**Assignment**
There is material below. Print exactly the lines starting at the line with "- =FAKTORIÁL(A1)" and ending at the line with "Unser Pflegemittel POLISH", ends included, and no others.

**Source data**
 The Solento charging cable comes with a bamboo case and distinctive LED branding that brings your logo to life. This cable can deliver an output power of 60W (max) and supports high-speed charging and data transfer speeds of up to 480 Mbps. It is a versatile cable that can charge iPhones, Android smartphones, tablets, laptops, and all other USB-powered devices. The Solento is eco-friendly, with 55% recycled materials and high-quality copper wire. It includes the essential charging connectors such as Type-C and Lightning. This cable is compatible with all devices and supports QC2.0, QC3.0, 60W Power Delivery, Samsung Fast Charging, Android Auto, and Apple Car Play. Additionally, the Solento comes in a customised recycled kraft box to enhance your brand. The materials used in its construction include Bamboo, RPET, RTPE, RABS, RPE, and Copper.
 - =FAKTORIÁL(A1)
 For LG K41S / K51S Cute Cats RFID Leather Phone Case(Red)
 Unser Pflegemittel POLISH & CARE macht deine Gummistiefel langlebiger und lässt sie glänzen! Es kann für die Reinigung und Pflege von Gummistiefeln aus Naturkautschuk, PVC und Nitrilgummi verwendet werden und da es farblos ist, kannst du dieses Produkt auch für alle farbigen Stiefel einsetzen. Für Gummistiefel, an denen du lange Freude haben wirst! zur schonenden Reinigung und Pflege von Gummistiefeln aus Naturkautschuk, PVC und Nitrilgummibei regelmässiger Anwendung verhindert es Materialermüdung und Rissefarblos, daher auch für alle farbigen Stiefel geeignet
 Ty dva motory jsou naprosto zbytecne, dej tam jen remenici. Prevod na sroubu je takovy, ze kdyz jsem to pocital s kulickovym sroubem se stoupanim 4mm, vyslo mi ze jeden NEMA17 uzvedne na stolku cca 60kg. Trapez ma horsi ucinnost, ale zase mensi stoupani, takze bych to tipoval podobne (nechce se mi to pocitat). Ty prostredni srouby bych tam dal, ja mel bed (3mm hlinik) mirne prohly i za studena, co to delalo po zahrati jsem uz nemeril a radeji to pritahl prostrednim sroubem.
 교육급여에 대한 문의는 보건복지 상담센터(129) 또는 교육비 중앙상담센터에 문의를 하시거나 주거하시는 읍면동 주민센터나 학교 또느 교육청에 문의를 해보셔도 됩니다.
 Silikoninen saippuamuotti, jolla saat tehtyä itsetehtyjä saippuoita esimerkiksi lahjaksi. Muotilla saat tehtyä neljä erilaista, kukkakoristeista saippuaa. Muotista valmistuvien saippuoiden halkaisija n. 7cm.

==

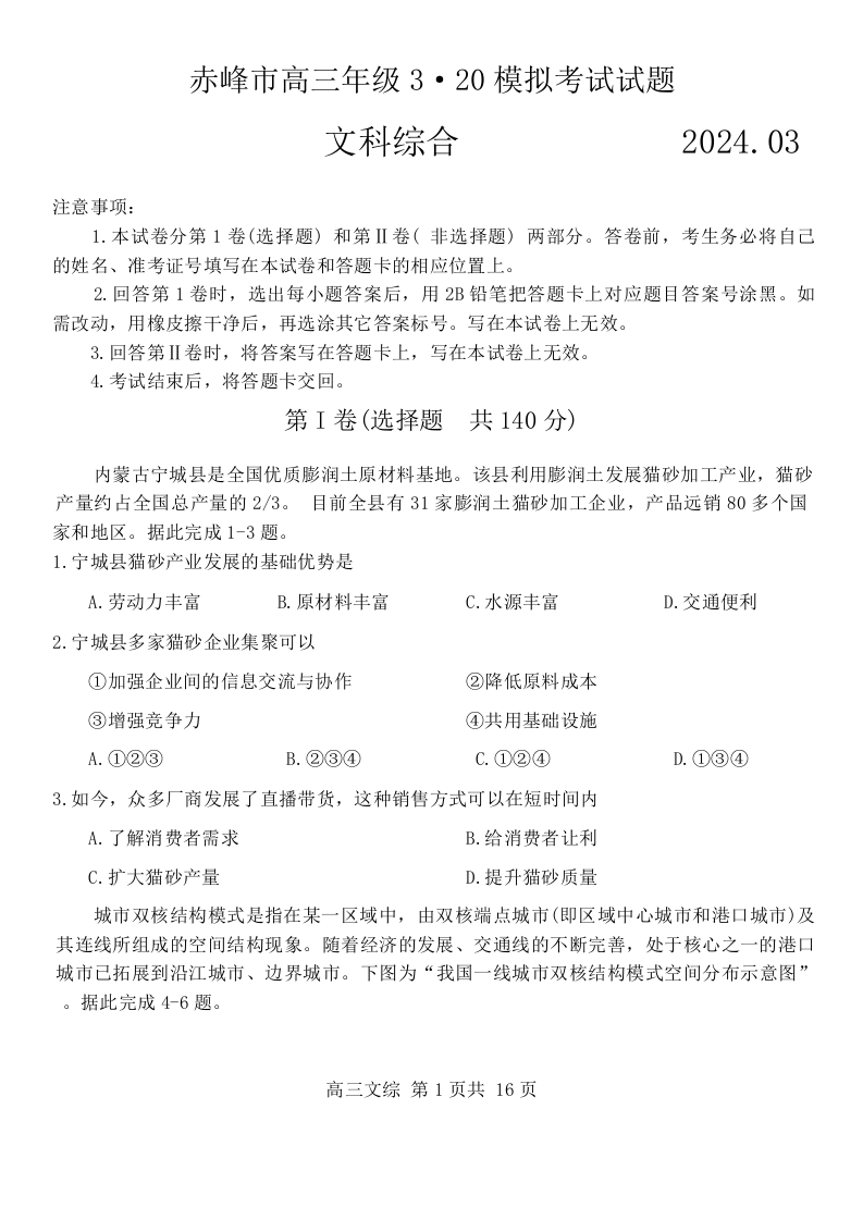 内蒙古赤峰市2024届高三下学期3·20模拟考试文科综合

**Response for this exercise**
 - =FAKTORIÁL(A1)
 For LG K41S / K51S Cute Cats RFID Leather Phone Case(Red)
 Unser Pflegemittel POLISH & CARE macht deine Gummistiefel langlebiger und lässt sie glänzen! Es kann für die Reinigung und Pflege von Gummistiefeln aus Naturkautschuk, PVC und Nitrilgummi verwendet werden und da es farblos ist, kannst du dieses Produkt auch für alle farbigen Stiefel einsetzen. Für Gummistiefel, an denen du lange Freude haben wirst! zur schonenden Reinigung und Pflege von Gummistiefeln aus Naturkautschuk, PVC und Nitrilgummibei regelmässiger Anwendung verhindert es Materialermüdung und Rissefarblos, daher auch für alle farbigen Stiefel geeignet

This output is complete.